» **SOURCE DATA**:
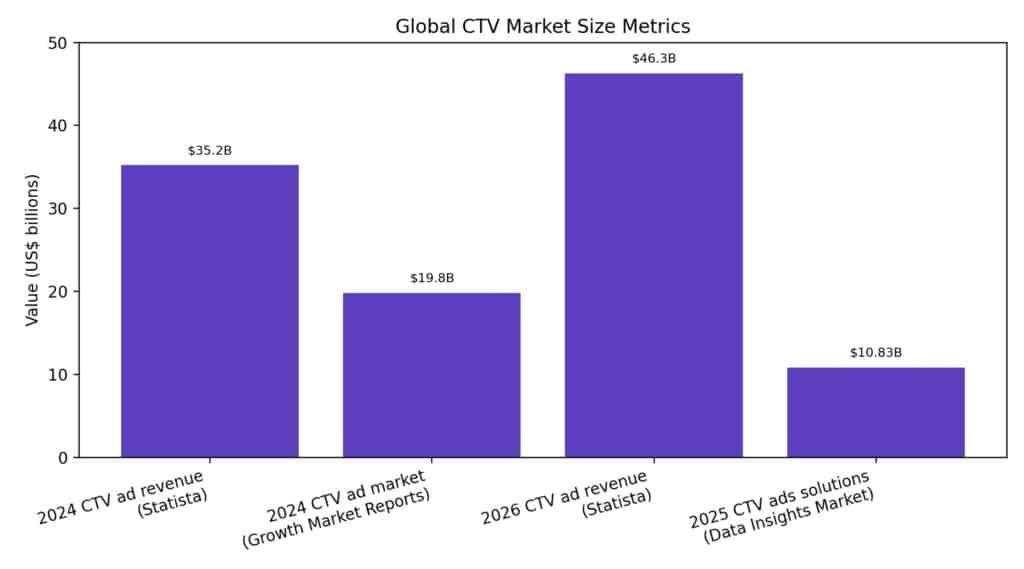 The variation reflects differences in scope — some estimates cover total CTV ad revenue globally (including platform and programmatic spend), while others focus specifically on CTV ad solutions or services. Statista’s broader measure of $35.2 billion in 2024 encompasses the full CTV ad revenue pie, whereas ad solutions-specific reports track a narrower segment.
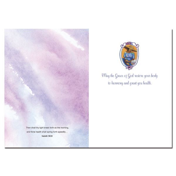 An African American Get Well Soon Card adorned with an image of beautiful lady. This stunning greeting card measures 5x7 inches and features full-color artwork on the inside and out and a high gloss finish. The sentiments inside of this greeting card read as shown below:
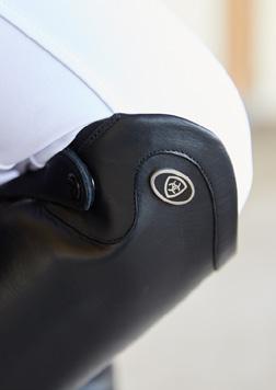 TLJ kids’ jods are sure to get your kids excited about heading to the barn. Made from an athletic fabric with sticky silicone knee patches for grip, and tie-downs for boots, these jods are ready for practice or Academy level riding. Available in four sizes and two lengths in black. $99.
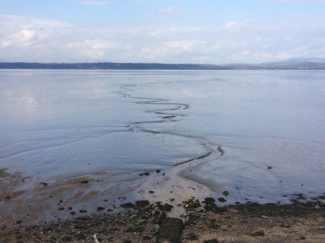 The view now was of the Forth valley, Fife in the distance and industry on the shore line. The path entered a forest, the soft floor made running bouncy. The run exited at a historic site where James Watt built something. I forget what but probably something to do with Electricity. The JMW runs down the long driveway with an impressive gateway and tree lined. I was now in Bo’ness where I’d been before but on my bike. It was toward the end of a Round the Forth route, 120km ride and I was tired. I just remember wanting to get off my bike and struggling up this massive hill that I was now running down. Freely, fast and what seemed effortless I entered a park heading toward the coast. The JMW so far finding off road paths. I crossed the Bo’ness railway line which has steam trains run back and forth. I didn’t see any today and the track was free. The path was Tarmac from here, following the Forth. The tide was out exposing mudflats and that smell of salt and decaying vegetation.

» **WHAT YOU NEED TO DO**:
The lines to copy exactly start with the line above that has "An African American" and go on through the line that has "TLJ kids’ jods"; please include both, add nothing else, and omit the pictures.

» **OUTPUT OF THE EXERCISE**:
 An African American Get Well Soon Card adorned with an image of beautiful lady. This stunning greeting card measures 5x7 inches and features full-color artwork on the inside and out and a high gloss finish. The sentiments inside of this greeting card read as shown below:
 TLJ kids’ jods are sure to get your kids excited about heading to the barn. Made from an athletic fabric with sticky silicone knee patches for grip, and tie-downs for boots, these jods are ready for practice or Academy level riding. Available in four sizes and two lengths in black. $99.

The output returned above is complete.